ABC is an isoscelea triangle with AB =AC and its perimeter is 64cm .the altitude from A to BC is 24cm.find the length of AC and BC?
Let AB=AC = x, and the base BC = 2y
Then you have
2x+2y = 64
y^2 + 24^2 = x^2
(32-x)^2 + 24^2 = x^2
x = 25
You might have guessed this right off, since one of the basic right triangles with integer sides is
7-24-25
Of course, a 3-4-5 triangle scaled up by 6 would be 18-24-40 but that gives too large a perimeter.
To find the lengths of AC and BC in an isosceles triangle ABC, we can use the Pythagorean theorem and the fact that the altitude from A to BC divides the base BC into two equal parts.
Let AC be x cm. Since AB = AC, we have AB = x cm as well.
By the Pythagorean theorem, we know that the square of the hypotenuse (BC) is equal to the sum of the squares of the other two sides (AB and AC). Therefore, we have:
BC^2 = AB^2 + AC^2
Since AB = x, the equation becomes:
BC^2 = x^2 + x^2
BC^2 = 2x^2
Taking the square root on both sides, we get:
BC = √(2x^2)
BC = √2x
The perimeter of the triangle is given as 64 cm, so:
AB + AC + BC = 64
x + x + √2x = 64
2x + √2x = 64
Now, we also know that the altitude from A to BC is 24 cm. This forms a right-angled triangle with sides of length 24 cm, BC, and half of AB (which is x/2).

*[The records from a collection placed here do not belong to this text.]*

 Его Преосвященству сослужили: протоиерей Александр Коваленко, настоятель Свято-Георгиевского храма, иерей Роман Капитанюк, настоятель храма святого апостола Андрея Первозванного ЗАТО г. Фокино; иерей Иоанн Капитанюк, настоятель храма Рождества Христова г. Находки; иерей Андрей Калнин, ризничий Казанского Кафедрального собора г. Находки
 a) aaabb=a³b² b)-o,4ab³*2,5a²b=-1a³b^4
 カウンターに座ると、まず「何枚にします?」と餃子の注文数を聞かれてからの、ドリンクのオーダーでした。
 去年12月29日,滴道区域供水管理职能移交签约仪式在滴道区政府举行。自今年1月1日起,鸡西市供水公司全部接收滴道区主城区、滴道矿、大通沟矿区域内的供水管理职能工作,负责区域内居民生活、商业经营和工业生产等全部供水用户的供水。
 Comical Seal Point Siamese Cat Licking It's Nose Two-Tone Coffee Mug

Using the Pythagorean theorem again, we can write:
(BC/2)^2 + 24^2 = BC^2
(√2x/2)^2 + 24^2 = (√2x)^2
(2x/2)^2 + 576 = 2x^2
x^2 + 576 = 2x^2
x^2 = 576
x = √576
x = 24
Substituting the value of x back into the equation 2x + √2x = 64, we have:
2(24) + √2(24) = 64
48 + √48 = 64
Simplifying, we get:
√48 = 64 - 48
√48 = 16
√16 * √3 = 16
4√3 = 16
Dividing both sides by 4, we get:
√3 = 4
Therefore, the length of AC is 24 cm, and the length of BC is 4√3 cm.
To find the lengths of AC and BC in an isosceles triangle, we can use the Pythagorean theorem. Let's consider the right-angled triangle formed by the altitude from A to BC:
In the right-angled triangle, the length of the hypotenuse is equal to the length of AC, and one of the other sides is equal to BC.

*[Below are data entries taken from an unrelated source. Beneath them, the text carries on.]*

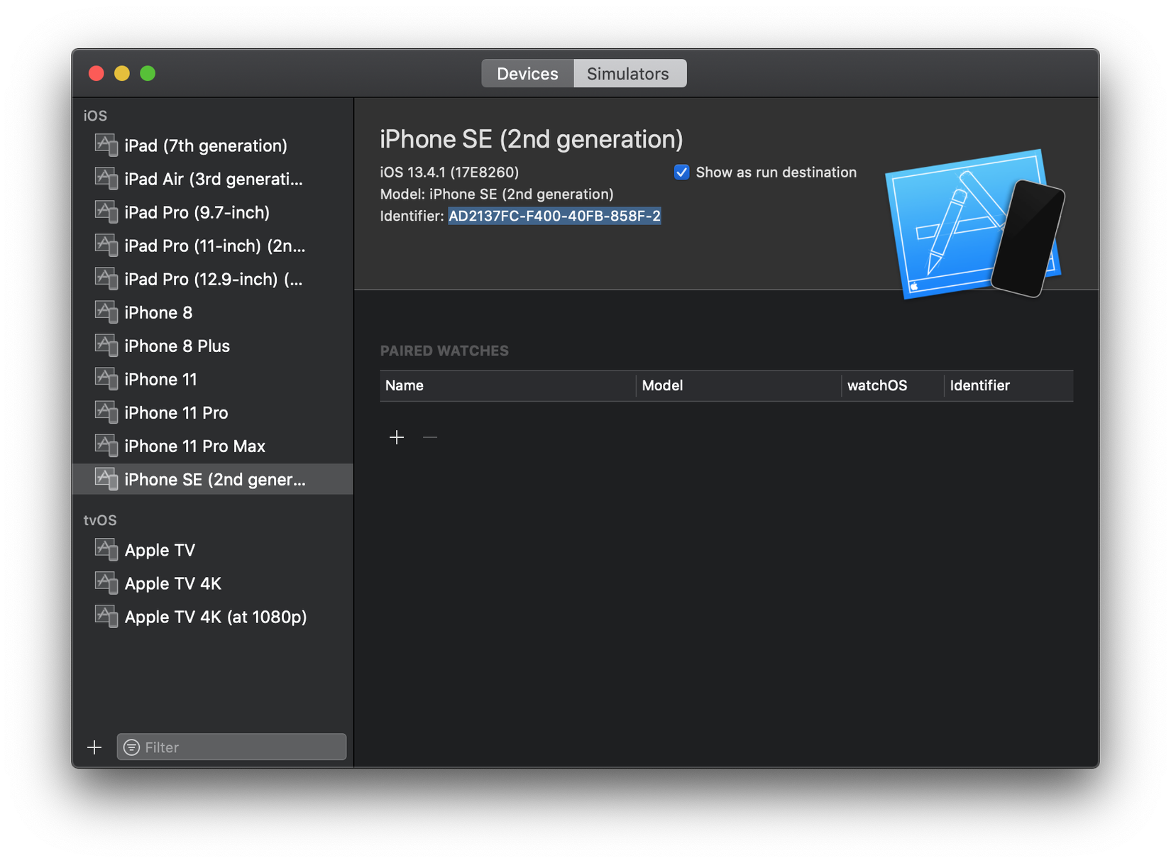 <device> đây là ID của máy ảo bạn có thể tìm nó ở trong xcode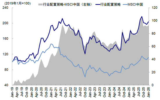 图表:行业配置策略累计收益大幅超过MSCI中国指数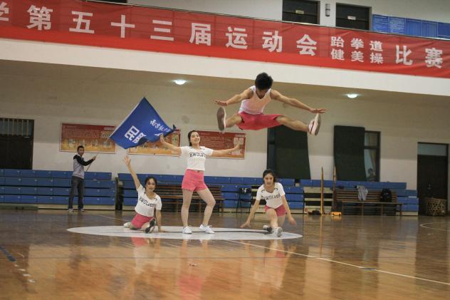 2014年11月1日,91AV 第五十三届运动会跆拳道、健美操大赛在将军路校区体育中心隆重举行,各院健儿竞展风采,场上一时间精彩纷呈。最终民航/飞行学院分别荣获跆拳道比赛特等奖和健美操比赛大团体第一名、小团体第三名的好成绩。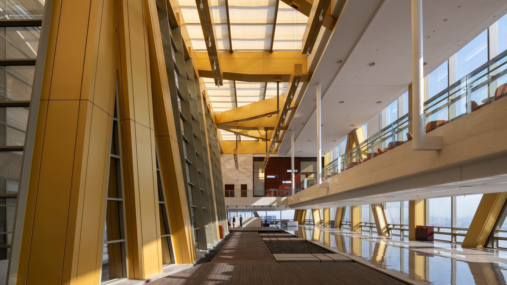 At the base of the building, a 30-metre-high A-frame canopy stretches 72 metres across the ground floor to create a dramatic entrance experience. This leads to the heart of a diamond-shaped central atrium, which rises up through the full height of the 20-storey tower and helps to encourage natural ventilation during the mid-seasons. Tiered sky-gardens line the perimeter of the upper floors and a generous winter garden with a mezzanine level accommodates VIP club and meeting spaces at the top of the building. The tower will be naturally ventilated for part of the year, grey water will be recycled and local materials utilised where possible to reduce embodied energy.
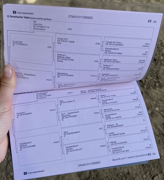 Calea is a 5-year-old Hanoverian mare with a promising pedigree and has been with me since she was three years old. She originally comes from Rittergut Schick. She has been gently worked from the ground so far, is familiar with the saddle and lunge, has been out on several trail rides, has done a lot of desensitization training, and has recently also jumped a little bit free. During this, she has shown herself to be very calm, clear-headed, and confidently jumps over everything. She walks small rounds alone and in groups in a relaxed manner. Calea has been lightly backed – with a lot of calm, patience, and love. A video is attached. Unfortunately, during dismounting, there was an unfortunate chain of events that startled her and caused her to jump away. Since then, she has been skeptical, and I have not practiced further. However, I am fundamentally convinced that this can be rebuilt with calmness and patience. Nevertheless, I want to consciously leave this in the hands of the new owner. Due to my personal ethical considerations regarding riding, I no longer feel safe and clear enough in my communication. Therefore, she is also being offered at a low price. She is completely unspoiled and has had plenty of time to grow. Like many young horses, she was initially a bit soft in the hindquarters due to knee stability, which is why I consciously left her in a large open stable with a solid floor in consultation with my veterinarian for some time. At three years old, a comprehensive veterinary examination including the back was conducted, with no findings. The images are not available as I did not plan to sell her at that time. But just as a small side note :) A current veterinary examination can, of course, be done by the buyer. Calea is healthy, is barefoot, has generally good hoof quality, but tends to occasional cracking, especially in summer; however, she has never had problems with hoof abscesses or similar under my care. She has two small white spots in her left eye (corneal scars), and the corneal injury in winter 23/24 was likely a result of a minor trauma, which was treated by a veterinarian and does not cause her any problems. The plan was to train Calea myself and use her as my young horse in eventing. However, I have decided to part ways with the "horse" chapter of my life for personal and ethical reasons after many years. Therefore, it is particularly important to me that Calea finds a home where she can continue to live a good, horse-appropriate life. Quality over price; unrealistic inquiries will not be responded to. I do not aim to make money from the sale, especially since I bought her at a higher price when she was three, but I place great value on openness and honesty – also regarding her quirks and special traits. I sincerely wish that someone will continue Calea's training patiently and fairly. She truly deserves that. I do not respond to pre-formulated or impersonal inquiries. Please contact me with specific questions and feel free to include a few personal words, or call me directly.
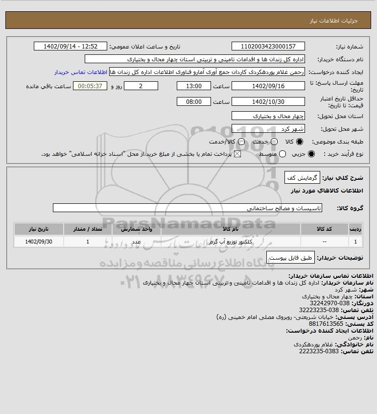 نام دستگاه خریدار:اداره کل زندان ها و اقدامات تامینی و تربیتی استان چهار محال و بختیاری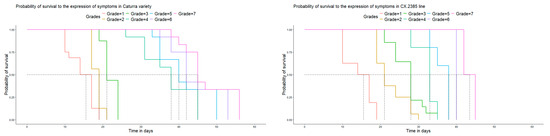 Days vs. probability of survival to CLR disease development in the genotypes of population 2 under laboratory conditions. Dashed lines: median number of days to reach each degree and median probability of survival.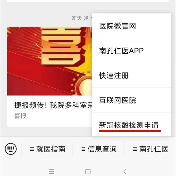 1、關(guān)注我院微信公眾號,預(yù)約新冠核酸檢測,并通過手機預(yù)約繳費。

Using the Pythagorean theorem, we can find the length of AC:
AC^2 = AB^2 + BC^2
AC^2 = (BC/2)^2 + BC^2 [Since AB = AC in an isosceles triangle]
Simplifying the equation:
AC^2 = BC^2/4 + BC^2
AC^2 = (5/4)BC^2
Now, let's find the length of BC:
Perimeter of Triangle ABC = AB + AC + BC
64cm = AB + AC + BC
64cm = BC + BC/2 + BC [Using AB = AC and simplifying]
Combining the common terms:
64cm = (5/2)BC
Now we can solve for BC:
BC = (64cm * 2) / 5
BC = 256/5
BC = 51.2cm
Substituting this value back into the equation for AC^2:
AC^2 = (5/4) * (51.2cm)^2
AC^2 = (5/4) * 2621.44cm^2
AC^2 = 3276.8cm^2
AC = √3276.8cm
AC ≈ 57.2cm
Therefore, the approximate lengths of AC and BC are 57.2cm and 51.2cm, respectively.